By Jed Horowitz
NEW YORK (Reuters) - The baby in E*Trade TV commercials may soon boast that he got in on a hot Wall Street IPO.
E*Trade Financial Corp said Thursday it formed a "retail alliance" giving its customers access to initial public offerings and follow-on offerings underwritten by middle-market investment bank Jefferies LLC.
Jefferies is not Wall Street's biggest underwriter of newly public companies, but E*Trade is betting that it can score points with investors by guaranteeing access to IPOs that brokerage firms normally reserve for their best customers.
Getting in on the ground floor of a newly traded company does not guarantee a quick profit, as investors learned with the disastrous IPO of Facebook in 2012. However, many so-called retail investors are frustrated when they cannot get access to popular new issues that their brokerage firm is doling out to favored institutions and wealthy clients.
E*Trade President Navtej Nandra said in a prepared statement that any client, regardless of account size or length of relationship with the broker, can participate in a Jefferies offering if they meet suitability criteria and submit bids to buy at the offering price or higher.
The discount brokerage firm, which is recovering from a near-fatal venture into mortgage lending in the years leading up to the 2008 financial crisis, said customers can monitor offerings through customized alerts and make offers through its on-line New Issue Center. Shares are allocated according to "rules-based" criteria that gives every eligible participant equal access, a spokesman said.
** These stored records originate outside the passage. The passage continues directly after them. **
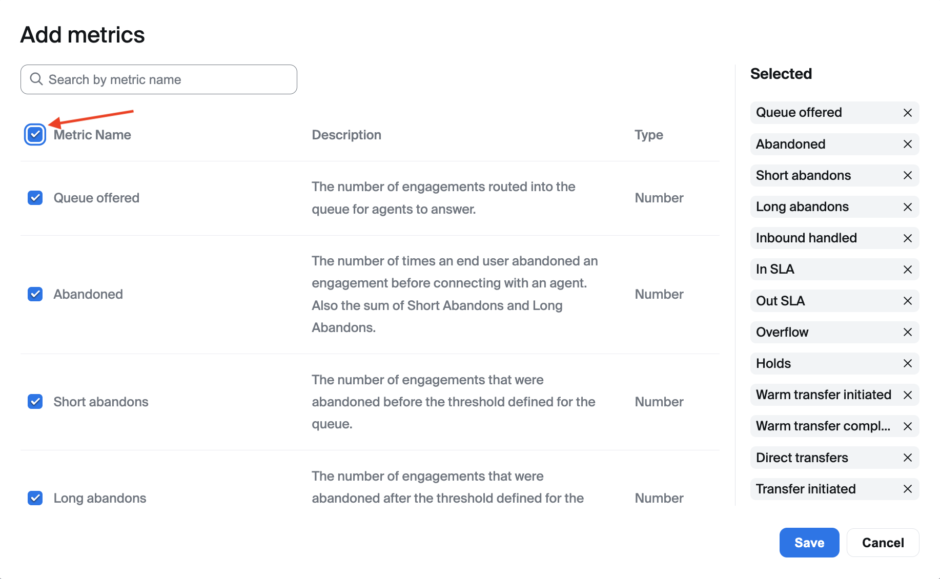 The dataset you select will dictate which reporting data and metrics are available in your report. Select a dataset according to the type of report you'd like to run. For example, if you would like to create a report which focused on inbound traffic into your queues, then select the Queue Inbound dataset.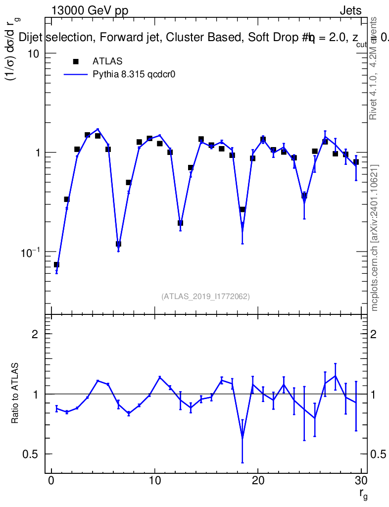 Lines: data, pythia8 8.315 qcdcr0 |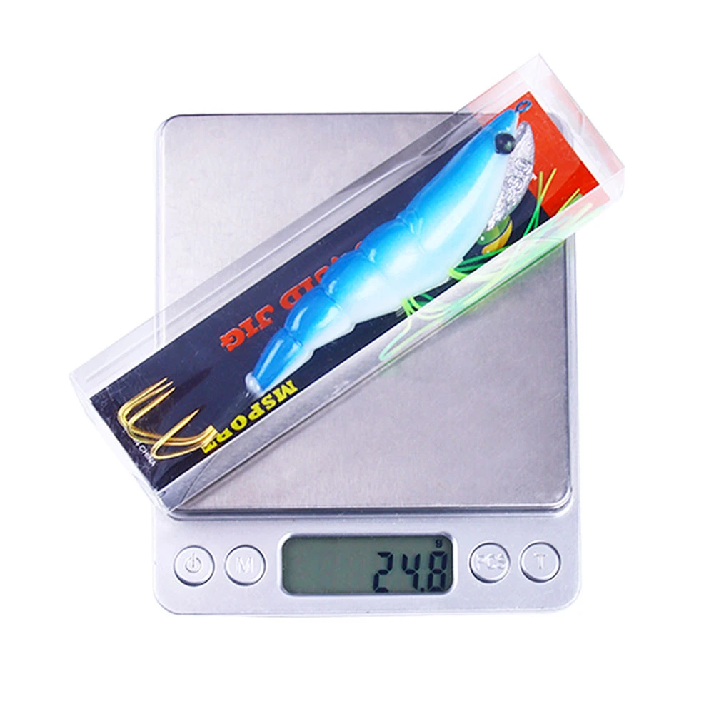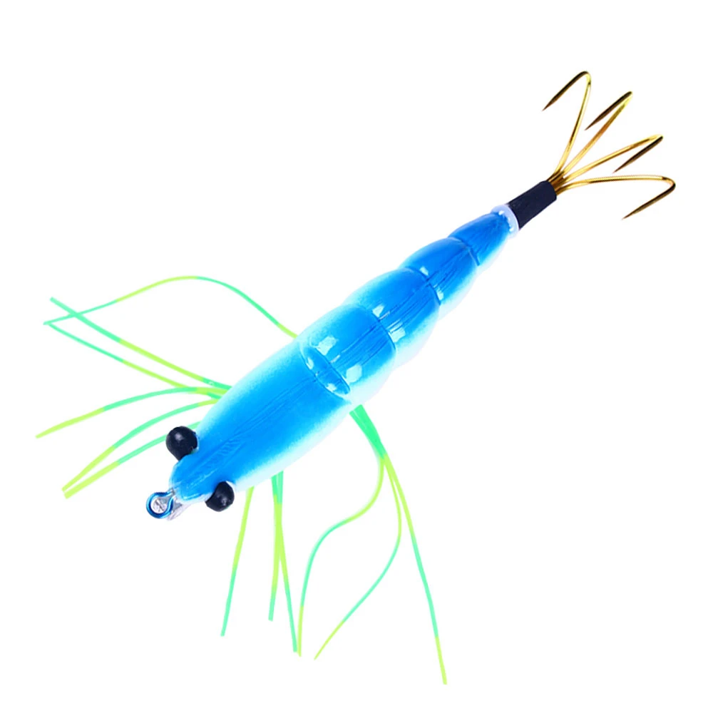 1 Uds señuelo de pesca camarón de madera 12CM 17,2G ojos 3D anzuelo de calamar tiro largo cebos artificiales para camarones para calamar atrapados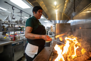 Marquea Braxton flips steaks on the grill at Woodholme Country Club in Pikesville, Md., where temperatures in the kitchen can exceed 100 degrees. Photo by Amanda Andrade-Rhoades for The Washington Post
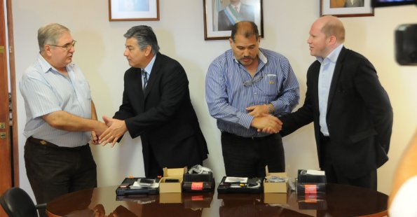 Locales | El ministro de Salud Pública, Antonio Morante, junto al subsecretario de Seguridad Vial, Juan Manuel Chapo, hizo entrega de equipos de alcoholímetros a los intendentes de Fontana, Antonio Rodas y de Hermoso Campo, Aníbal Requena.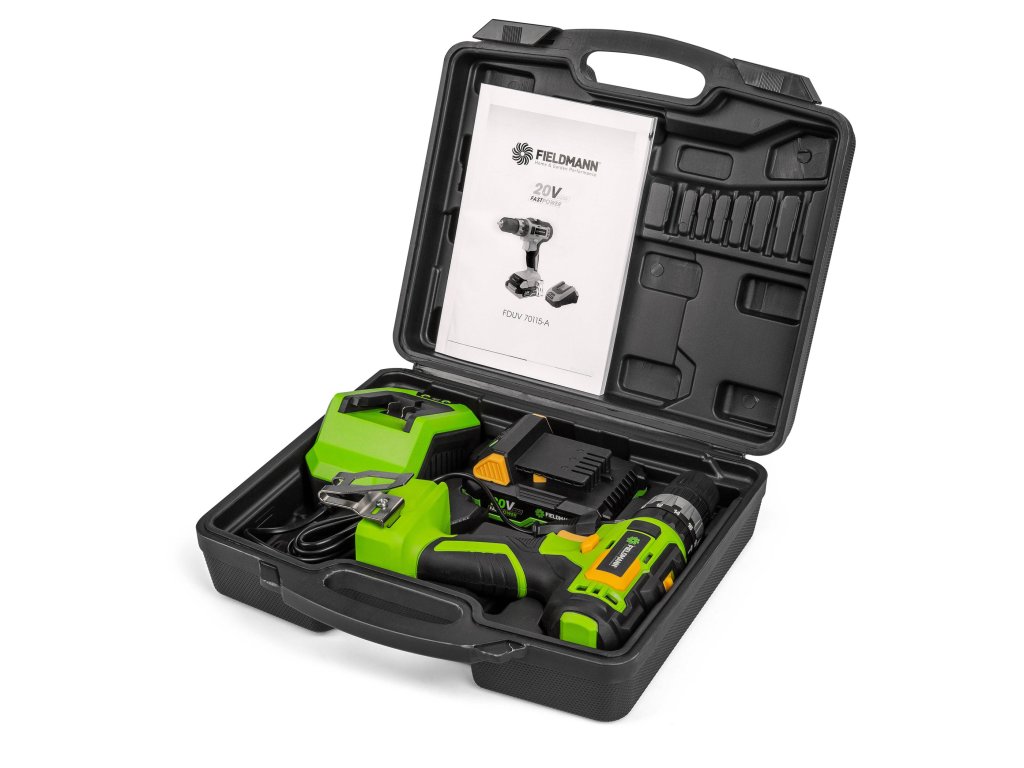 Akumulátorová příklepová vrtačka/šroubovák Fieldmann FDUV 70115-A nabízí perfektní řešení pro všechny řemeslníky a kutily. Použití je vhodné zejména tam, kde není přístup k elektřině nebo pokud nechcete manipulovat s kabelem.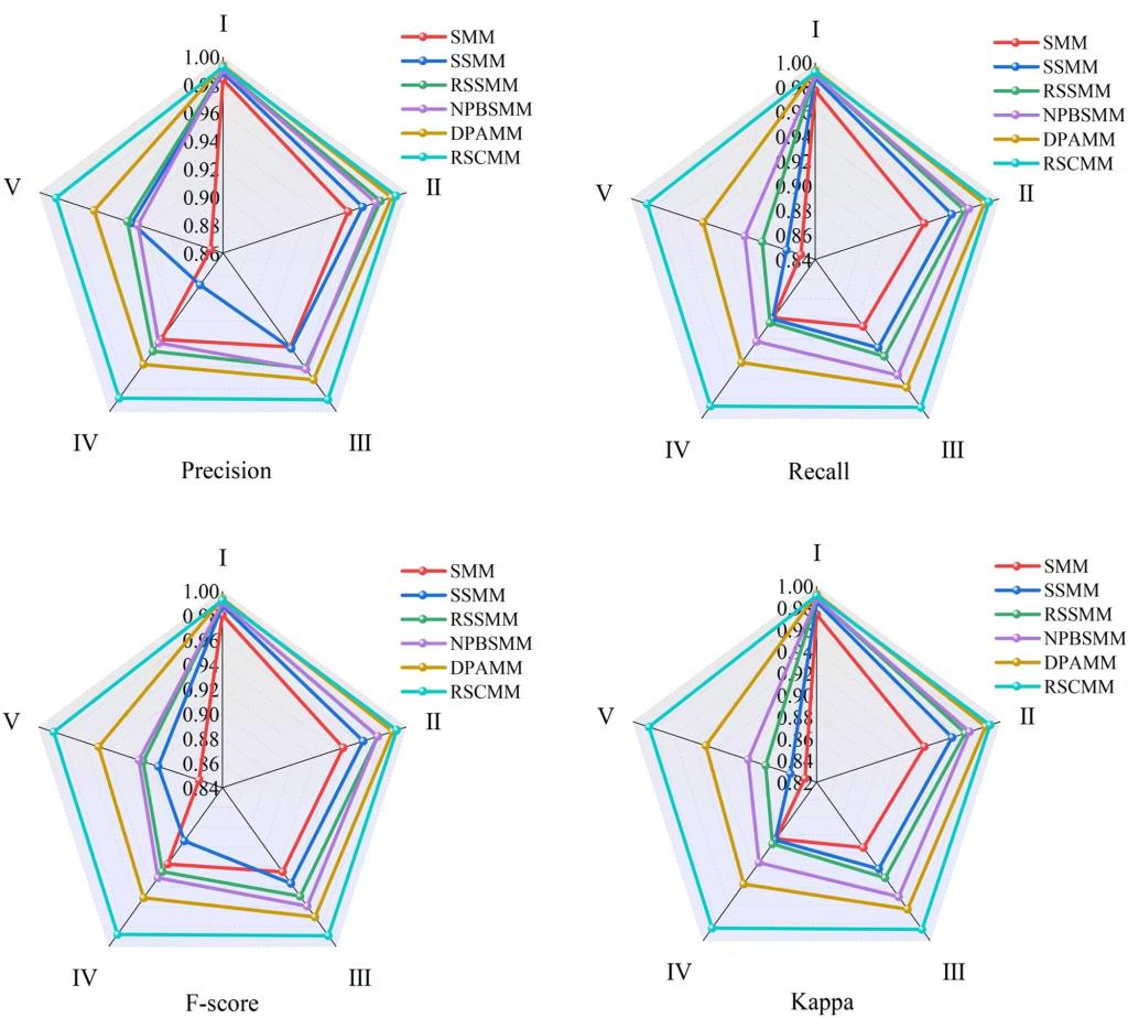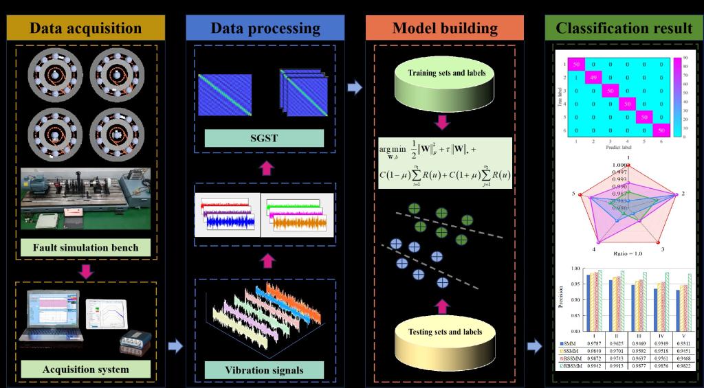 此外,为了解决设备故障诊断中数据不平衡时的分类问题,本研究提出了一种鲁棒光滑约束矩阵机(RSCMM)。RSCMM通过设计动态调整因子,可以根据不平衡率动态调整损失项系数,提高数据不平衡下的识别性能;设计了RoBoSS损失项,弱化了噪声的影响和提高了模型的收敛速度。相关研究成果发表在《Advanced Engineering Informatics》,今年会为论文唯一单位,机械工程学院潘海洋副教授为论文第一作者,郑近德教授为通讯作者,刘庆运教授、童靳于高级实验师、邓书朝为合作作者。

Jefferies, a subsidiary of Leucadia National Corp that focuses on raising capital for media, real estate investment trusts, healthcare and financial firms, ranked 13th last year as a global underwriter of IPOs, with 33 deals and a 1.9 percent market share, according to Thomson Reuters data.
In the United States, where E*Trade customers are most active, Jefferies was the 11th largest underwriter with 20 deals and a 2.6 percent market share.
Jefferies Chief Executive Richard Handler said in a prepared statement that the arrangement with the discount broker should enhance its ability to get deals from corporate issuers. Companies often prefer Mom-and-pop investors who add stability to share prices because they trade less opportunistically than more sophisticated clients such as mutual funds.
Jefferies has a small wealth management unit, with fewer than 300 brokers.
E*Trade, which is recovering from a near-fatal venture into mortgage lending in the years leading up to the 2008 financial crisis, ended 2013 with 2.99 million brokerage accounts, up 3 percent from a year earlier. The firm, which last year installed a new team of executives, is focusing on cutting its loan portfolio and building new services for retail investors.
E*Trade rivals such as Charles Schwab Corp have tried such arrangements in the past with larger firms than Jefferies, with little success. Brokers at big firms that want shares for their own customers are reluctant to see their investment bankers allocate them to competitors.
Spokespeople at Schwab and TD Ameritrade Holdings, the largest discount brokerage firms, did not immediately return requests for comment.
Spokesmen at Jefferies and E*Trade declined to comment on details of the pact, including whether the discount broker is guaranteed a percentage of each new Jefferies deal.
Shares of E*Trade, which have climbed 91.9 percent in the past year, closed up 2.3 percent Thursday at $20.35.